ZHIXIN GP HLDG (02187) subsidiary plans to sell all shares of Xiamen Zhixin New Materials for RMB 46.662 million.

date
21:08 26/06/2026
avatar
GMT Eight
Zhixin Group Holdings (02187) announced that on June 26, 2026 (after trading hours), the seller Xiamen Zhixin Building Materials Group Co., Ltd. (a wholly-owned subsidiary of the Company) entered into a sales agreement with the buyer Xiamen Special Economic Zone Construction Investment Building Materials Co., Ltd. and the Company (as guarantor), whereby the seller conditionally agreed to sell and the buyer conditionally agreed to purchase the target equity (i.e. all the equity of the target company Xiamen Zhixin New Materials Co., Ltd.) for a total consideration of RMB 46.662 million (equivalent to approximately HK$54 million).

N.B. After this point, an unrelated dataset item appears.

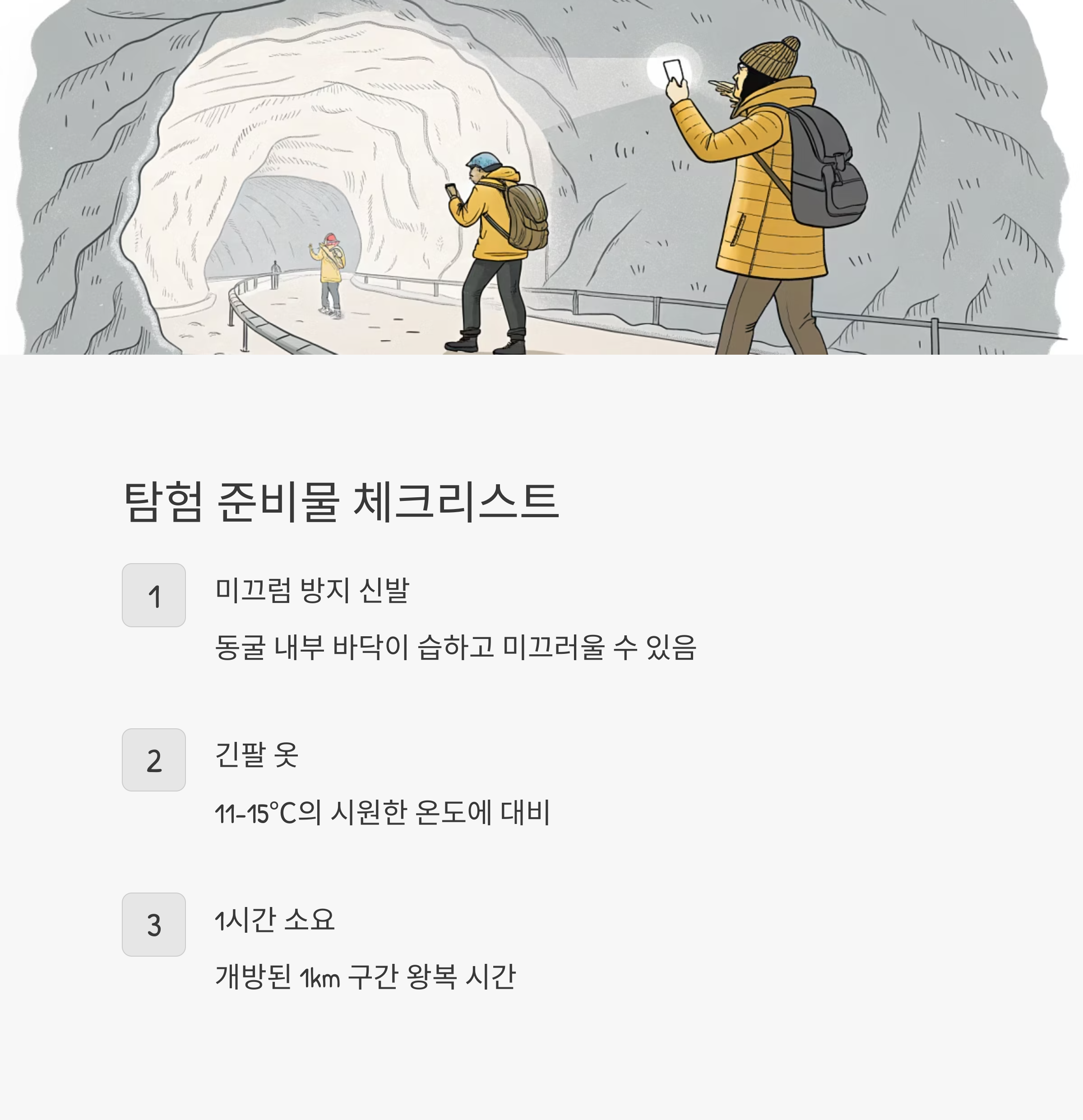 현재 만장굴은 내부 보수 및 안전점검으로 인해 임시 휴관 중이지만, 재개장 시기를 기다리며 미리 준비하면 좋습니다. 동굴 내부는 1km 구간만 일반에 개방되며, 왕복 약 1시간 소요됩니다. 탐방 시에는 미끄럼 방지 신발과 긴팔 옷을 준비하는 것이 좋습니다. 내부가 습하고 바닥이 미끄러울 수 있기 때문입니다. 또한 자연유산 보호를 위해 지정된 구간 외에는 절대 출입이 금지됩니다.

ZHIXIN GP HLDG (02187) announced that on June 26, 2026 (after trading hours), the seller Xiamen Zhixin Building Materials Group Co., Ltd. (a wholly-owned subsidiary of the Company) entered into a sale and purchase agreement with the buyer Xiamen Special Economic Zone Construction Investment Building Materials Co., Ltd. and the Company (as guarantor), whereby the seller conditionally agreed to sell and the buyer conditionally agreed to purchase the target equity (i.e. all the equity shares of the target company Xiamen Zhixin New Materials Co., Ltd.) for a total consideration of RMB 46.662 million (equivalent to approximately HKD 54 million). The target company, established by the Group in China, solely holds the main ready-mixed concrete production and other supporting facilities of the Group, primarily includes: (a) a piece of land and multiple buildings located at No. 55 Guankou Avenue, Jiemei District, Xiamen, Fujian Province, China; (b) ready-mixed concrete production line, plant, and equipment; and (c) logistics and other supporting assets, including trucks, office equipment, qualifications, and licenses, etc. The Board of Directors believes that the sale provides the Group with a good opportunity to realize satisfactory returns on these assets, integrate financial resources for developing environmentally friendly and lightweight building products or other better opportunities, and improve the overall cash flow and financial position of the Group. The Directors (including independent non-executive Directors) believe that the terms of the sale and purchase agreement are fair and reasonable, entered into on normal commercial terms, and the sale is in the overall interest of the Company and its shareholders.